Ultimately, CMS didn’t put in that provision. Numerof said she understands the agency’s choice. Hospitals need to understand where the market is headed and build infrastructure and systems to meet those demands accordingly. She added that no other business would request stop-loss protection based on changes like the S-10.

Concerning community relations, Alsdurf doesn’t expect the change will have an impact. “Hospitals will continue to provide care to those who cannot afford it, so I don’t think this change will have any impact on the community, positive or negative,” he said.

How should hospitals prepare?

There are still questions about the S-10, but hospitals can’t wait for CMS to provide all answers and clarifications. The change is here and hospitals need to move forward with the information available to them.

This process means maximizing uncompensated care payments in the new system.

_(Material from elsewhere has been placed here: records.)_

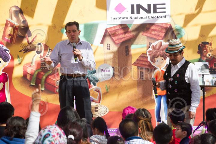 CIUDAD DE MÉXICO, 19NOVIEMBRE2018.- Lorenzo Córdova, consejero Presidente del INE, acudió a la Feria Internacional del Libro Infantil y Juvenil, y sostuvo una charla con niños en el Foro de Madera en el parque Bicentenario. FOTO: VICTORIA VALTIERRA /CUARTOSCURO.COM
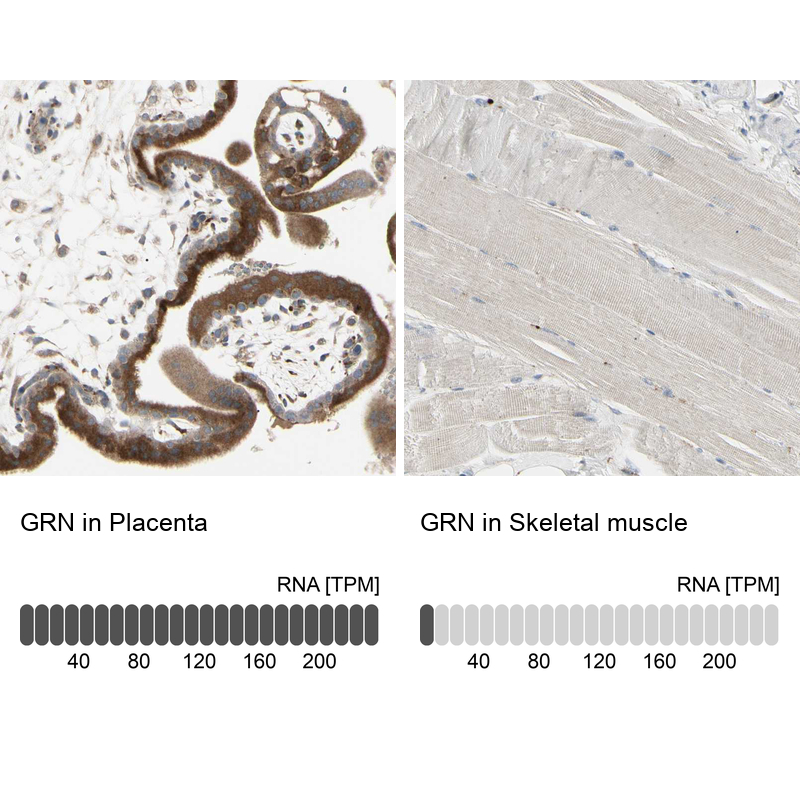 - Immunohistochemistry analysis in human placenta and skeletal muscle tissues using HPA008763 antibody. Corresponding GRN RNA-seq data are presented for the same tissues.
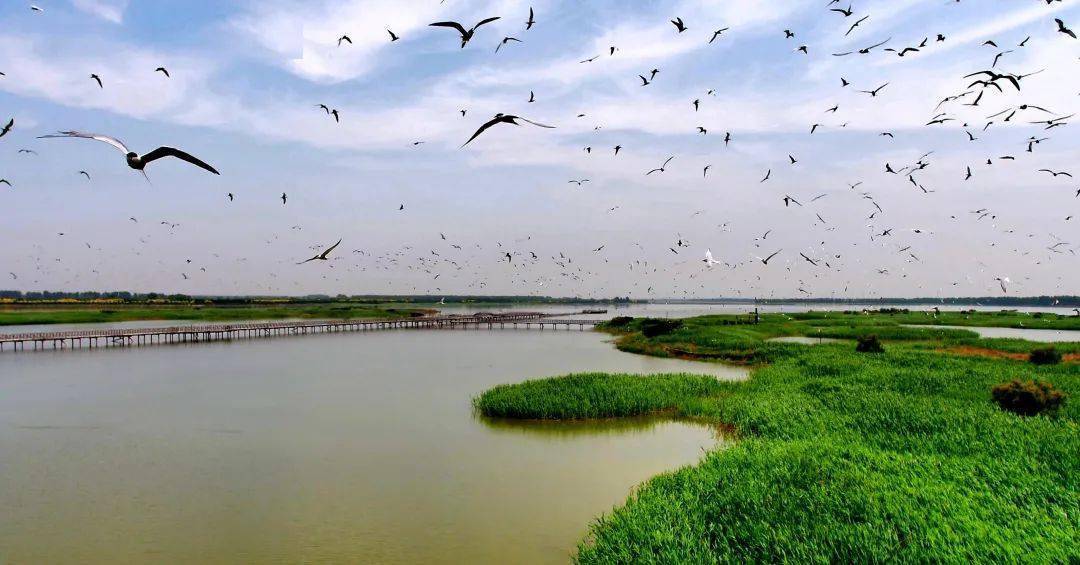 七里海湿地生机勃发,各种鸟类在湿地上空结伴翱翔
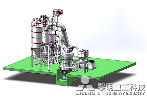破碎后合格的物料,經變頻皮帶給料機均勻定量連續(xù)地送入主機磨室內進行研磨。粉磨后的物料被風機氣流送入選粉機進行分級,在分析機的作用下,不符合細度要求的物料落入磨室內重新碾磨,合格的物料則隨氣流經管道進入旋風集粉器內,進行分離收集,經排料裝置排出即為成品粉體。分離后的氣流通過旋風集粉器上端回風管進入風機。該系統(tǒng)在正負壓狀態(tài)下運行,設備配有脈沖除塵器,環(huán)保。
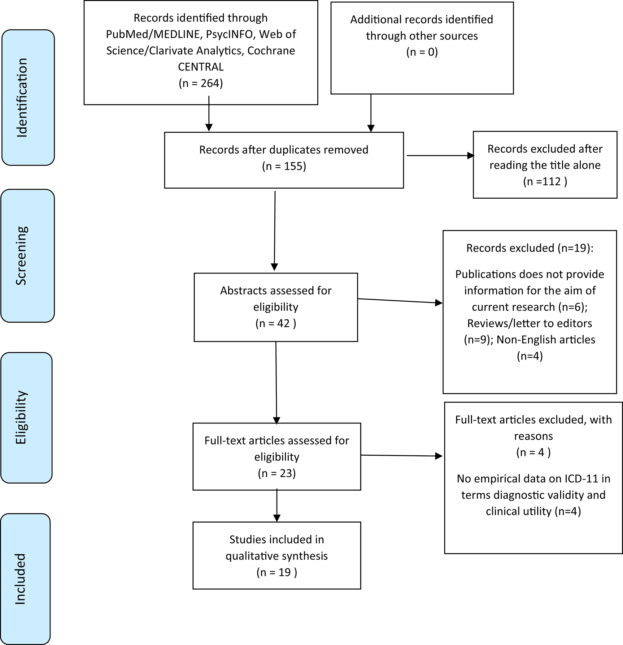Results: Out of the 264 publications identified, 19 articles were included in this review. Four themes were identified, namely (a) overlap of DSM-5 OCPD with the ICD-11 PD model, (b) the factorial structure of the ICD-11 PD model with respect to the anankastia domain, (c) the clinical utility of the ICD-11 PD model, and (d) comparison of the ICD-11 PD model of anankastia with the DSM-5 alternative model for OCPD.
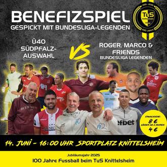 Am 14.06. um 16:00 Uhr rollt der Ball auf dem Sportplatz in Knittelsheim. Das Team Roger Lutz, Marco Kurz und Friends spielt an dem Tag gegen eine Südpfalz-Auswahl, welche von Julian Hübner trainiert wird. Mit dabei sind Spieler wie Florian Dick, Sidney Sam, Srdjan Lakic, Tobias Sippel und viele mehr. Lasst euch überraschen
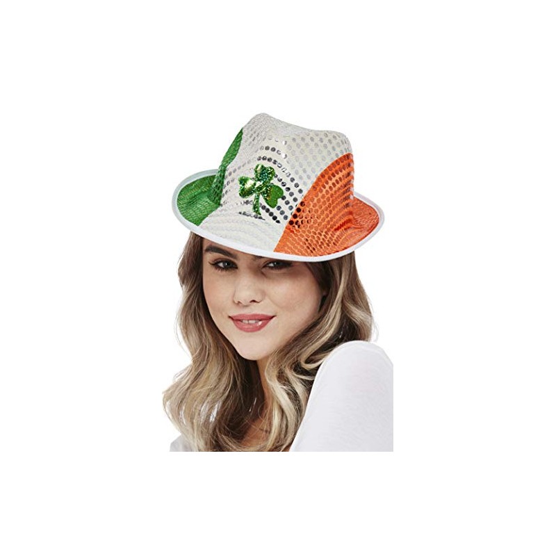 Smiffys 51117 Paddy's Day Irish Flag Sequin Trilby Hat, Unisex Adult, Green, One Size
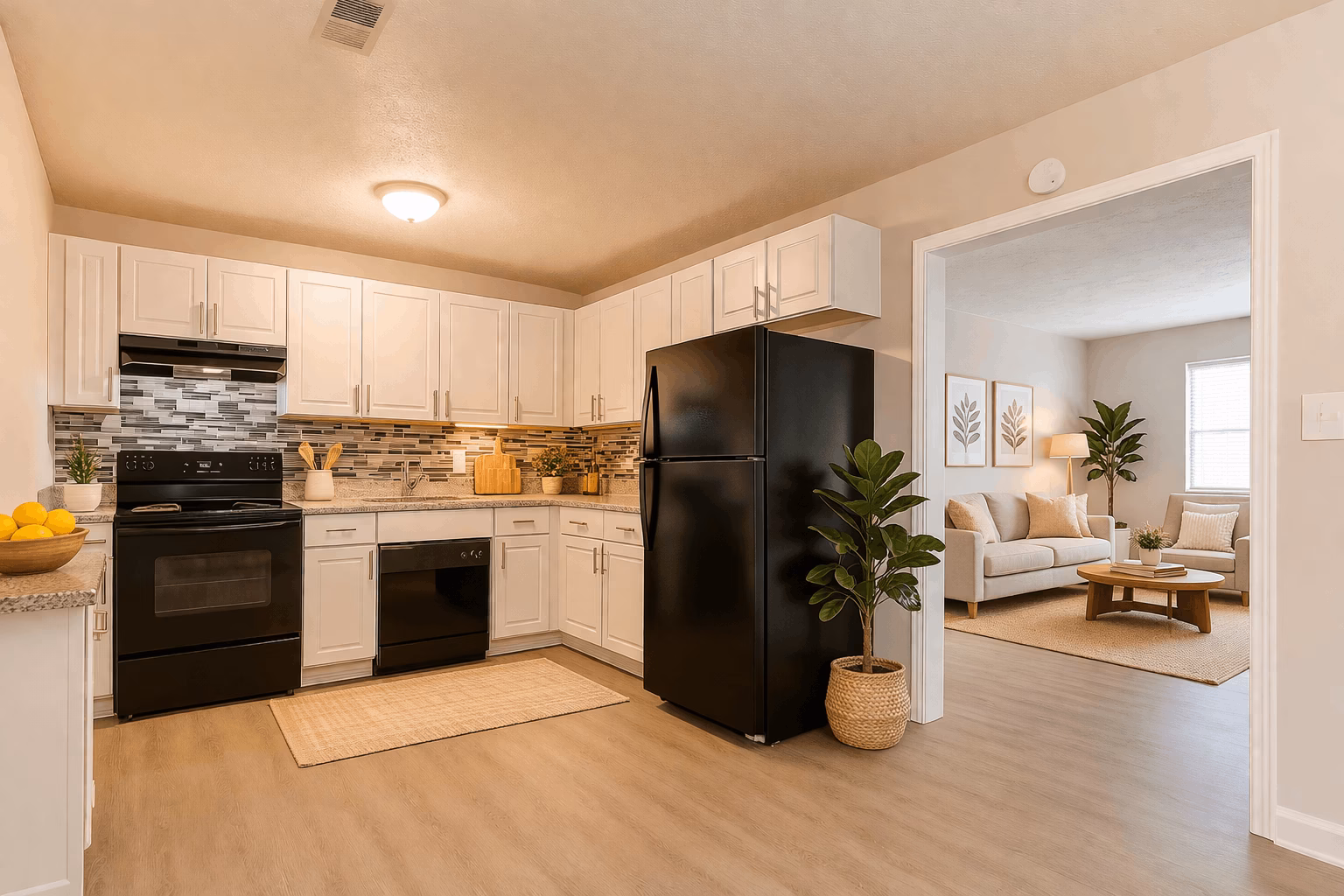 Comfortable living with a spacious kitchen, bright living area, and a well-sized bedroom designed for everyday ease.
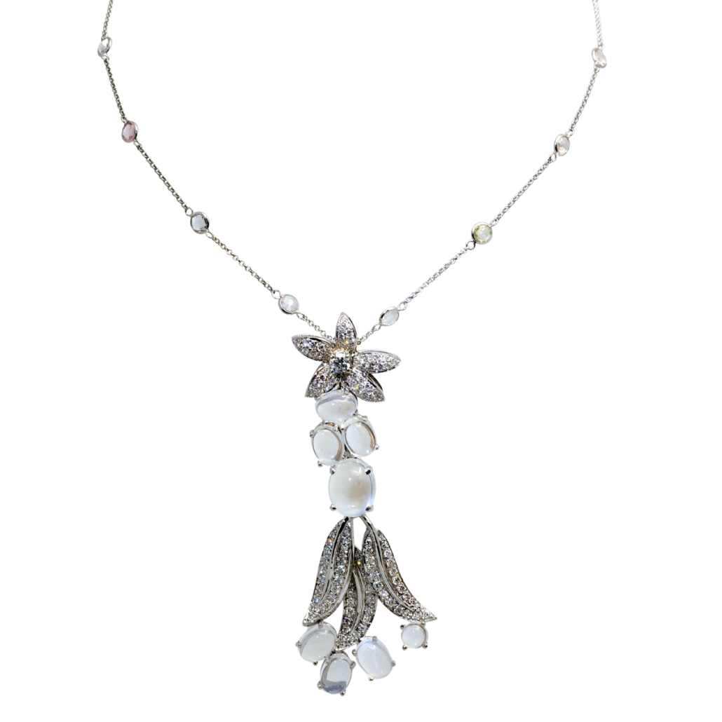 Jasmin de Nuit Feuille Necklace Designed and Handmade by Kaufmann de Suisse in 18kt White Gold featuring 108 Round Brilliant Cut G/SI Quality Diamonds weighing a total of 1.43cts and 8 Oval Cabochon Cut Moonstones weighing a total of 11.35cts on a 18inch 14kt White Gold Chain
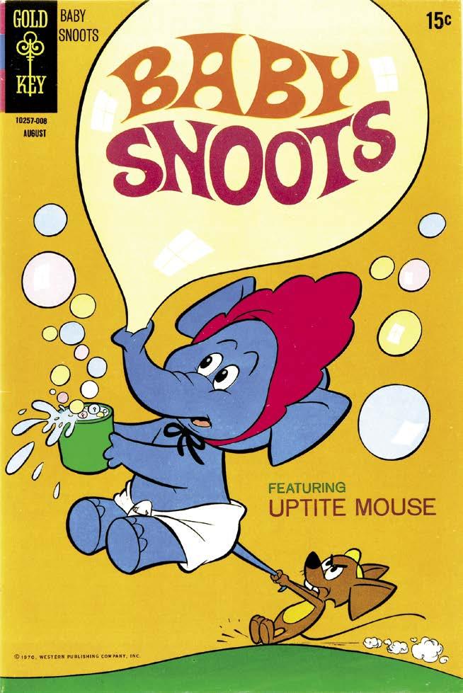 Just past the Scarewood Forest lies the town of Trunksville, USA. There, at 711 Maple Street, you will find the home of the Elephant family: Elbert Elias Elephant (better known as Papa Dear), his wife Mama Dear, their son Baby Snoots, and “houseguest” Uptite Mouse. Baby Snoots and family entertained children four times a year for 22 issues from 1970 to 1975 as one of the few company-owned properties at Gold Key Comics.
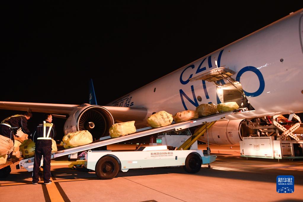 2019年10月30日凌晨,浙江杭州飛往俄羅斯首都莫斯科的首條直達電商貨運航線“菜鳥號”從蕭山國際機場首航。 新華社記者 黃宗治 攝
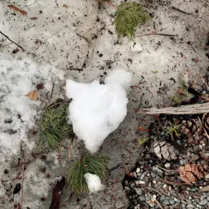 あっカワ(・∀・)イイ!! 残雪の上に白いハートの雪玉♡
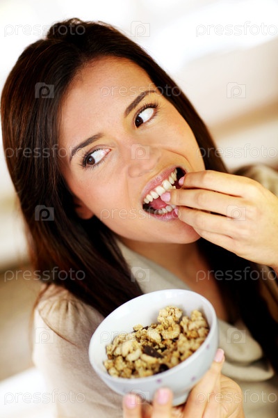 Красивая брюнетка, ест каши по утрам
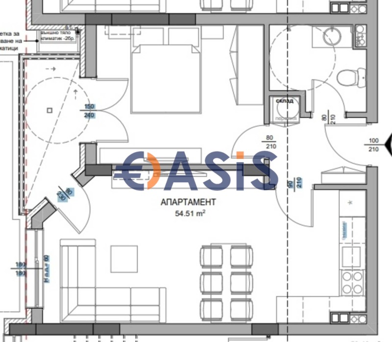 Обща площ: 59,47кв. м.
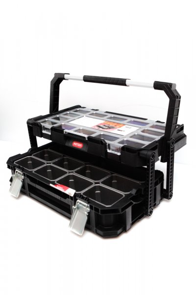 Praktický organizér Smart Cantilever s velkým objemem. Jeho vnitřek umožňuje skladování nářadí různých velikostí. Organizéry uvnitř skříňky usnadňují organizaci práce a zajišťují snadný přístup k potřebnému nářadí. Díky pohodlnému držadlu lze skříňku bez problému přenášet. Velikost 56,5x31,7x16,1cm.
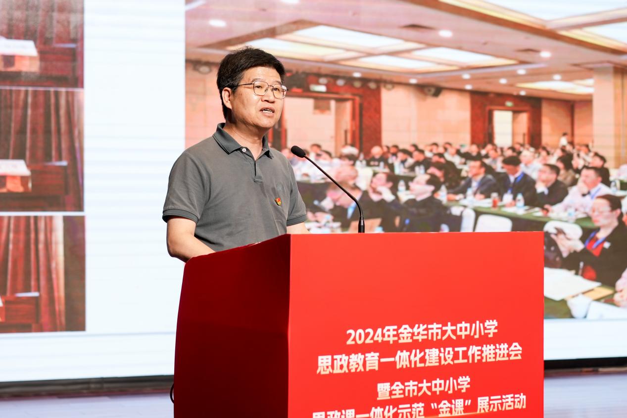 楼伟民肯定了金华市思政教育一体化建设工作取得的成绩,深刻剖析了现存问题,再次强调了持续深化思政教育一体化建设的重要性,对未来的工作提出了明确的指导方向。他强调,各县(市、区)教育局要牵头抓好本辖区思政教育一体化建设工作,主动对接在金高校,统筹区域内中小学、中职学校、教研机构等单位,积极打造区域一体化建设品牌。高校要发挥自身优势,发挥好引领带动作用,加强与中小学思政课教师的交流与合作。中小学要深刻认识到思政教育一体化建设的重要性,明确自身在其中的责任和角色,主动与高校建立合作关系,积极参与高校组织的思政教育交流、研讨和培训等活动。

One step is for hospitals to make sure their charity care and bad debt policies are updated and that those policies are followed, so they receive the level of payments they’re owed.

Alsdurf said hospitals are already collecting Medicaid days data. Now they’ll have to add another piece. He expects the change will be minor for reporting and data gathering practices.

“Until they receive feedback from CMS on their data, it’s hard to do much other than make sure they feel good about the data … I’d suggest they begin running reports from their billing systems and reconciling the data (if they haven’t already) to the S-10 worksheet for FY 2014 to present,” Alsdurf said.

He added that hospitals should also continue to review their data as CMS provides more explicit instructions about S-10 in the coming months.